結論:マツダ3のオイル交換は粘度と量を把握すればDIYでも対応できる
マツダ3のオイル交換で悩みやすいのは「粘度」「量」「時期」の3つです。エンジンが4種類あり、それぞれ指定粘度と必要量が異なります。装着してみると作業自体はシンプルですが、アンダーカバーの取り外しやドレンボルトのトルク管理など、押さえておきたいポイントがいくつかあります。この記事では、マツダ公式の取扱説明書とFAQの情報をもとに、型式別のデータからDIY手順、費用の目安までをまとめました。
エンジン型式別のオイル量と推奨粘度
マツダ3(BP型)には4つのエンジンが搭載されています。型式によってオイル量が0.9Lも違うため、自分のクルマの型式を事前に確認してからオイルを用意してください。

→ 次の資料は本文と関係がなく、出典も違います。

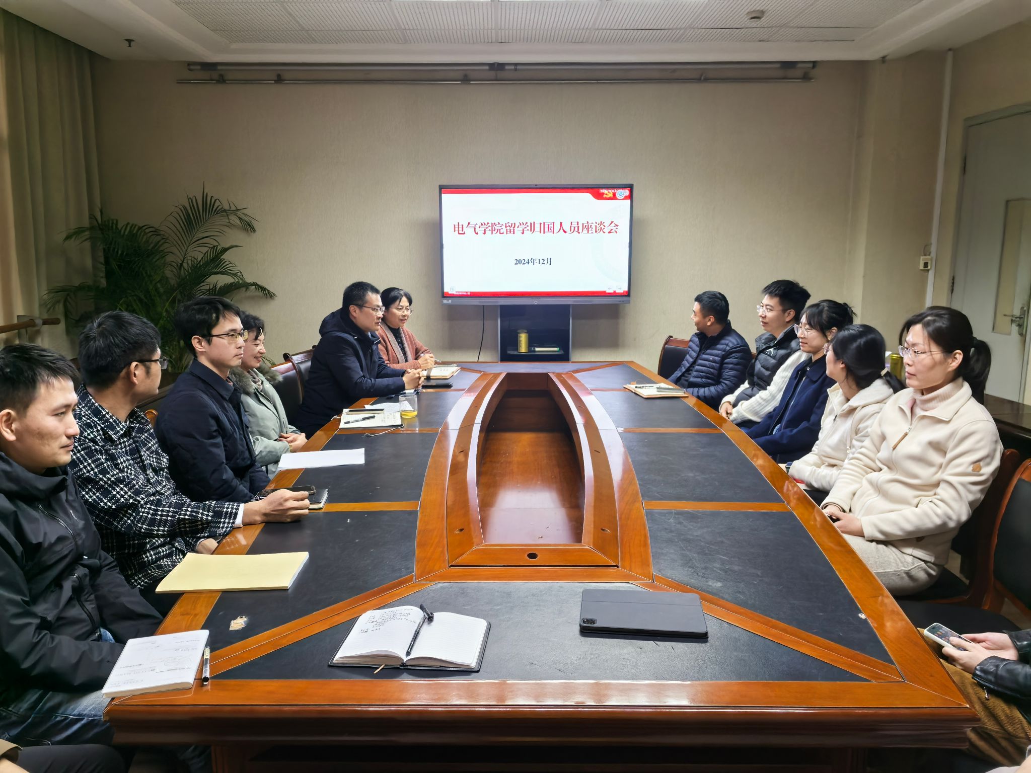 12月11日,电气学院在电气楼313召开留学归国人员座谈会,电气学院党委书记朱晏、副院长徐雷钧、杜怿,十余名留学归国、有海外访学经历的教师参加座谈。会议由朱晏主持。

| エンジン | 型式 | 推奨粘度 | オイルのみ | フィルター込み |
|---|---|---|---|---|
| SKYACTIV-G 1.5 | P5-VPS | 0W-20 / 5W-30 | 3.9L | 4.2L |
| e-SKYACTIV G 2.0 | PE-VPH | 0W-20 / 5W-30 | 4.0L | 4.2L |
| e-SKYACTIV X 2.0 | HF-VPH | 0W-20 / 5W-30 | 4.4L | 4.6L |
| SKYACTIV-D 1.8 | S8-DPTS | 0W-30 / 5W-30 | 4.7L | 5.1L |
※ 上記はマツダ公式FAQ(2025年10月商品改良版)の値です。
粘度の使い分け
ガソリン車のオーナーは0W-20を選んでおけば問題ありません。寒冷地で年間を通して使うなら、低温流動性に優れた0W-20が体感として始動がスムーズです。5W-30は高温環境や高回転を多用するスポーツ走行向けと考えてください。
ディーゼル車(SKYACTIV-D)は指定オイル以外を使うと、DPF(排出ガス浄化装置)のフィルター障害を起こすリスクがあります。マツダ純正「ディーゼルエクストラ SKYACTIV-D」を使うのが安心です。
マツダ3のタイヤサイズや純正ホイールスペックもあわせて確認しておくと、足回り全体のメンテナンス計画を立てやすくなります。詳しくはマツダ3のタイヤサイズ・純正ホイール情報をご覧ください。
交換時期の目安とシビアコンディション
メーカー推奨の交換サイクル
マツダ公式が示す交換時期は、エンジンタイプと使用条件で分かれます。
| エンジン | 通常(距離/期間) | シビア(距離/期間) |
|---|---|---|
| ガソリン(G / X) | 15,000km / 1年 | 7,500km / 6ヶ月 |
| ディーゼル(D) | 10,000km / 1年 | 5,000km / 6ヶ月 |
距離と期間のどちらか早い方が基準です。オイルは走っていなくても時間の経過で酸化するため、年間走行距離が少ないオーナーも1年を超えないうちに交換するのが望ましいです。
シビアコンディションに該当するケース
以下のいずれかに当てはまる場合は、交換サイクルを短くする必要があります。
- 年間走行距離が2万km以上
- 1回の走行距離が8km以内の短距離走行が多い
- 渋滞や市街地のストップ&ゴーが走行の大半を占める
- 山道・登降坂路を頻繁に走る
オーナーの声では「街乗り中心で年5,000km程度」というケースが多いものの、短距離走行の繰り返しはシビアコンディションに該当します。通勤距離が片道5km以下の場合は、半年ごとの交換を検討してください。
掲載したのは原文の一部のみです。